#### What you should do
Word for word, repeat the data that follows. Do not include the pictures.

Stored data entries:
....

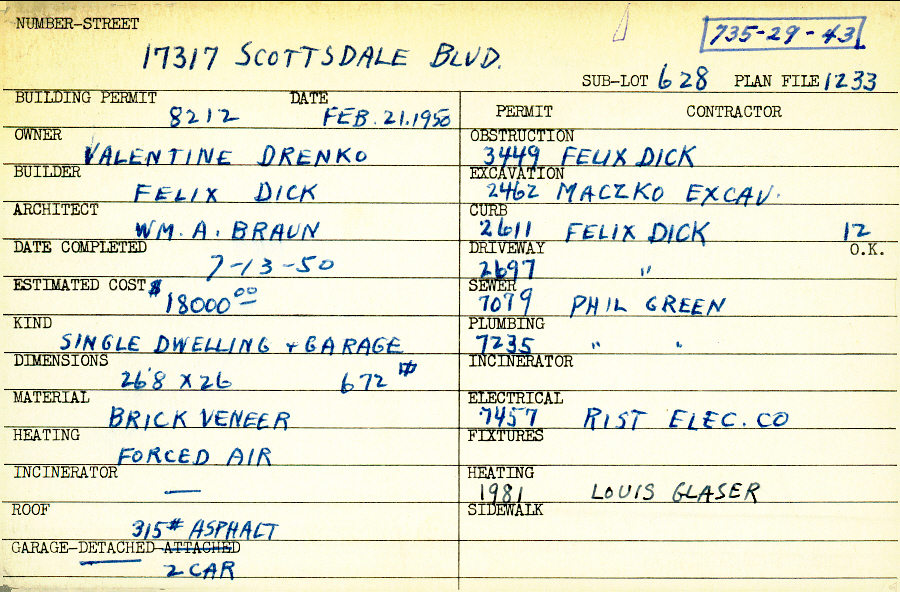 17317 Scottsdale Boulevard Shaker Heights, OH 44120 PARCEL ID: 735-29-043 Building Permit Date: 02-21-1950 Plan File Number: 1233 all scanned Microfilm Roll: Roll014 Neighborhood: Lomond Owner: Drenko, Valentine Builder: Dick, Felix Architect: Braun, William A. Estimated Cost: 18000 Date Completed: 07-13-1950 Kind: Single Dwelling and Garage Material: Brick Veneer Heating: Forced Air Roof: Asphalt Garage: detached 2 car |
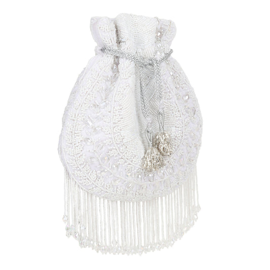 Snowflake White Cutdana Velvet Potli Bag
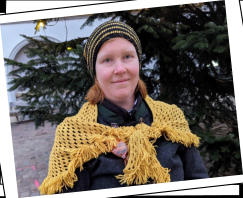 Schurz, das gelbe Schultertuch und die Ringelsocken in den Leonberger
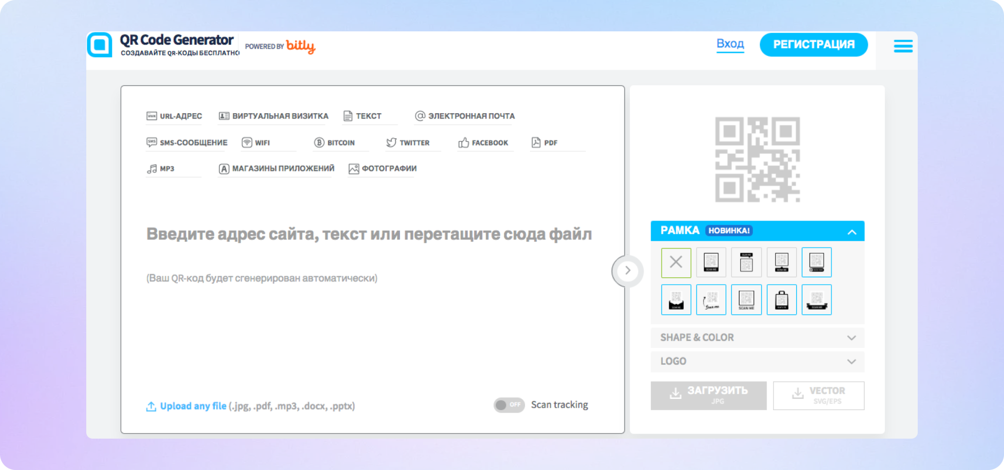 Сервис с понятным интерфейсом на русском языке. Имеет широкий функционал для различных ситуаций: может зашифровать как обычную ссылку, так и полноценное видео. Можно изменять дизайн по собственному усмотрению или с помощью шаблонов, а также создать динамический QR-код.
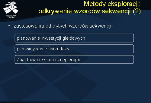 Metoda odkrywania wzorców sekwencji znalazła zastosowanie w wielu dziedzinach: analiza koszyka zakupów, telekomunikacja, medycyna (znajdowanie skutecznej terapii), ubezpieczenia i bankowość, planowanie inwestycji giełdowych, przewidywanie sprzedaży, WWW, itd. W przypadku analizy koszyka zakupów, metodę odkrywania wzorców sekwencji stosuje się w celu znalezienia typowych wzorców zachowań klientów w czasie. Dotyczy to handlu hurtowego lub półhurtowego, gdy potrafimy zidentyfikować pojedynczego klienta i jego koszyk zakupów. W takim przypadku, z każdym rekordem opisującym zakupy pojedynczego klienta jest związana, dodatkowo, informacja o kliencie (identyfikator klienta) i o dacie zakupów (etykieta czasowa rekordu). Na podstawie danych opisujących zakupy danego klienta, uporządkowanych zgodnie z wartościami etykiet czasowych można uzyskać profil klienta i próbować przewidzieć jego zachowanie w czasie.
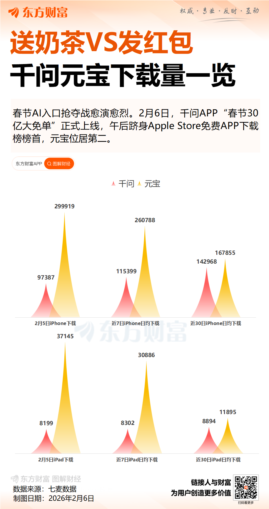送奶茶VS发红包 一图速览千问、元宝下载量
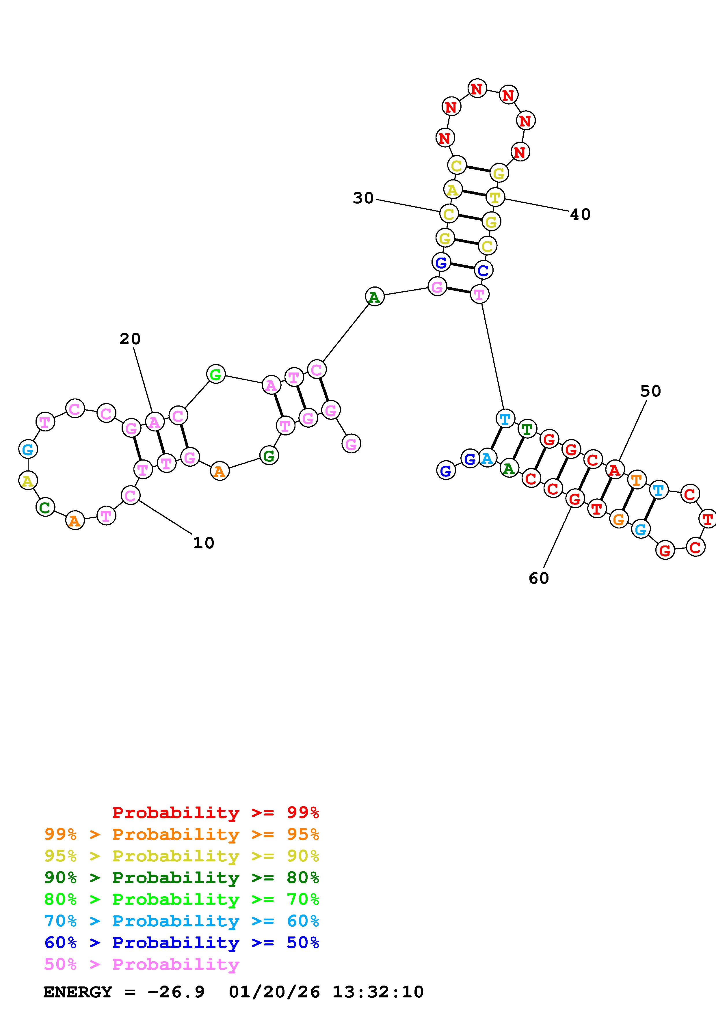 (Generate a structure or structures composed of highly probable base pairs. This is an alternative method for structure prediction that may have higher fidelity in structure prediction.)
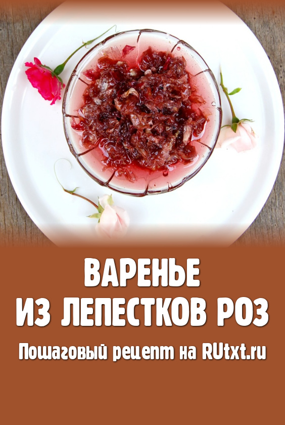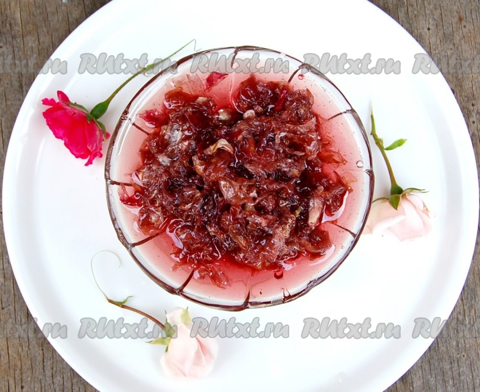 Таким образом, варенье варится в три захода: сразу после заливания воды и добавления сахара, затем через 2 часа после остывания и в третий раз - через - 1-2 часа после второго раза. Готовое варенье разложить по баночкам и вазочкам. Из указанного количества ингредиентов получается одна 800-граммовая баночка готового варенья. Варенье из лепестков роз получается достаточно густым, особенно после остывания.

....

#### Exercise result
 17317 Scottsdale Boulevard Shaker Heights, OH 44120 PARCEL ID: 735-29-043 Building Permit Date: 02-21-1950 Plan File Number: 1233 all scanned Microfilm Roll: Roll014 Neighborhood: Lomond Owner: Drenko, Valentine Builder: Dick, Felix Architect: Braun, William A. Estimated Cost: 18000 Date Completed: 07-13-1950 Kind: Single Dwelling and Garage Material: Brick Veneer Heating: Forced Air Roof: Asphalt Garage: detached 2 car |
 Snowflake White Cutdana Velvet Potli Bag
 Schurz, das gelbe Schultertuch und die Ringelsocken in den Leonberger
 Сервис с понятным интерфейсом на русском языке. Имеет широкий функционал для различных ситуаций: может зашифровать как обычную ссылку, так и полноценное видео. Можно изменять дизайн по собственному усмотрению или с помощью шаблонов, а также создать динамический QR-код.
 Metoda odkrywania wzorców sekwencji znalazła zastosowanie w wielu dziedzinach: analiza koszyka zakupów, telekomunikacja, medycyna (znajdowanie skutecznej terapii), ubezpieczenia i bankowość, planowanie inwestycji giełdowych, przewidywanie sprzedaży, WWW, itd. W przypadku analizy koszyka zakupów, metodę odkrywania wzorców sekwencji stosuje się w celu znalezienia typowych wzorców zachowań klientów w czasie. Dotyczy to handlu hurtowego lub półhurtowego, gdy potrafimy zidentyfikować pojedynczego klienta i jego koszyk zakupów. W takim przypadku, z każdym rekordem opisującym zakupy pojedynczego klienta jest związana, dodatkowo, informacja o kliencie (identyfikator klienta) i o dacie zakupów (etykieta czasowa rekordu). Na podstawie danych opisujących zakupy danego klienta, uporządkowanych zgodnie z wartościami etykiet czasowych można uzyskać profil klienta i próbować przewidzieć jego zachowanie w czasie.
送奶茶VS发红包 一图速览千问、元宝下载量
 (Generate a structure or structures composed of highly probable base pairs. This is an alternative method for structure prediction that may have higher fidelity in structure prediction.)
 Таким образом, варенье варится в три захода: сразу после заливания воды и добавления сахара, затем через 2 часа после остывания и в третий раз - через - 1-2 часа после второго раза. Готовое варенье разложить по баночкам и вазочкам. Из указанного количества ингредиентов получается одна 800-граммовая баночка готового варенья. Варенье из лепестков роз получается достаточно густым, особенно после остывания.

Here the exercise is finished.